Landlords can’t absorb growing costs without passing them on through higher rents, the NRLA has warned.
New Paragon Bank research reveals that 35% of landlords expect the Renters’ Rights Act to impact them financially and are planning for the costs of compliance to remain profitable.
More than half (53%) will consider increasing rent, 37% plan to review pricing more frequently and 18% will look to make cost savings across their portfolios, potentially changing the level or frequency of maintenance and white goods replacement.
Average
According to HM Revenue and Customs, the average rental income declared by unincorporated landlords is £19,400 a year – significantly less than what someone earns from a full-time minimum wage salary.
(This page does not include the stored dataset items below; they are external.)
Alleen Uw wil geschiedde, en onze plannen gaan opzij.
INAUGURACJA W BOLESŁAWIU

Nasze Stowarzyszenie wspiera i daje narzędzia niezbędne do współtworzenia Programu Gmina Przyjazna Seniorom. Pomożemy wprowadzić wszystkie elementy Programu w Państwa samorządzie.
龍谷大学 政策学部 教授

Following news that landlords taking out a mortgage now face paying an average of £1,100 more a year than they would have at the start of March, the NRLA says the government must develop a plan to reduce cost pressures faced in the market.
Scrap
It wants the government to scrap next year’s income tax hike, to keep the costs of joining the private rented sector Ombudsman and database as low as possible and to reform the tax system to ensure it better supports proactive energy efficiency improvements to rental homes. The NRLA is also calling on it to unfreeze housing benefit rates.
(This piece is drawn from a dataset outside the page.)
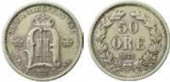
8. Nr 843. Samtida förfälskning av "Trollhätte-Svensson".

Chief executive Ben Beadle says growing taxes, uncertain costs associated with the Renters’ Rights Act and the ongoing housing benefit freeze will create the perfect storm for tenants.
“With so many people reliant on the sector for a place to call home, ministers need to recognise the real-world consequences of their decisions,” adds Beadle. “It is simply stereotyped nonsense that every landlord can somehow absorb ever-increasing costs indefinitely. They can’t, and as a result, it is tenants who will suffer most as rents continue to creep up.”